A Less Technical Introduction to Machine Learning
[latexpage]Machine Learning is a new buzzword in the market these days, and not without good reason. It has already revolutionalized fields from image and speech recognition to health-care to automotive and transportation. But we should know that it is not really a new concept. Machine Learning was there from the early 1950s and being taught and used in scientific research.
Machine Learning became a topic of daily discussion in early 2010. In early days it was difficult, time-consuming and heavy resource demanding task to build Machine Learning systems. With the advancement of hardware and specifically multi-core CPUs and GPUs made it possible to build Machine Learning systems more responsive. And now machine learning has become a commodity. This is how systems evolve over a period of time and it is easy to understand as well – why would Google and Facebook want the Internet reachable to everyone by investing billions of dollar in various projects? They want to make internet commodity, and that will of-course improve their business.
Coming back to Machine Learning, a wiki definition says –
A computer program is said to learn from experience E with respect to some class of tasks T and performance measure P if its performance at tasks in T, as measured by P, improves with experience E.
Well took me months to understand it completely and in this post, I will try to give a less technical introduction to Machine Learning. But before moving to the topic, I would also like you to know that Machine Learning, AI, Deep Learning are interrelated terminologies often used and people sometimes get confused but there is a significant difference.

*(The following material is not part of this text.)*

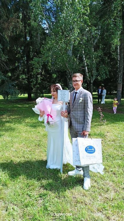 Молодожёнов поздравили министр труда и соцзащиты Марий Эл Елена Таникова, заместитель мэра Йошкар-Олы Людмила Новосёлова, заместитель главного врача по акушерству и гинекологии Перинатального центра Марий Эл Наталья Домрачева, а также родственники и друзья.

AI is a broader concept of a machine being able to carry out tasks in a way that we would consider it smart whereas Machine Learning is a current application of AI based on the idea that we should really just be able to give machine access to data and let them learn for themselves.
Similarly, Deep Learning is a particular kind of Machine Learning that achieve great power and flexibility by learning to represent the world as nested hierarchy of concepts, with each concept defined in relation to a simpler concept, and more abstract representation computed in terms of less abstract ones.
So, what exactly is Machine Learning?
At its core, Machine Learning is not a difficult concept to grasp. If I have to define it, I would say – it is all about “drawing lines through data.” And let’s see how we can do that.
Classification
Let’s say you want to distinguish between a golf ball and a tennis ball. It is a relatively easy task for any human being. But what if you want your computer to do that for you? Consider you have images of a golf ball and a tennis ball and from each image, you can infer its size and color and you want to classify the images as either an image of a golf ball or a tennis ball. This step is called feature selection. You have selected 2 feature size and color to distinguish between a golf ball and a tennis ball. Since you already have some images this is called labeled training data. In our example, this means getting a large number of images of the ball each labeled as either being a golf ball or a tennis ball. From these images, we can extract the color and size information and then see how they correlate with being a golf ball or a tennis ball. For example, graphing our labeled training data might look something like this:
From the above figure, it is clear that there is a pattern and all golf balls are congregate on the left-bottom side of the graph because they’re mostly white and also small in size whereas all tennis balls are congregated on the right-top side because they’re mostly fluorescent yellow and slightly bigger in size. We want our algorithm to learn these types of patterns.
Machine Learning is all about drawing lines through data and our goal here is to do the same. We can easily create an algorithm that can draw a line between the two labeled groups and this line is called decision boundary. The simplest decision boundary for our data might look something like this:
By giving our algorithm examples of a golf ball and a tennis ball to learn from, it can generalize its experience to images of a golf ball and a tennis ball that it has never encountered before. For instance, if we were given an image of a ball, represented by the X below, we could classify it as an tennis ball based on the decision boundary we drew:
This is how any Machine Learning system works. We train the system with labeled data and tell it to predict unknowns. Machine Learning algorithm which draws a decision boundary on the data, and then extrapolate what we’ve learned to completely new pieces of data.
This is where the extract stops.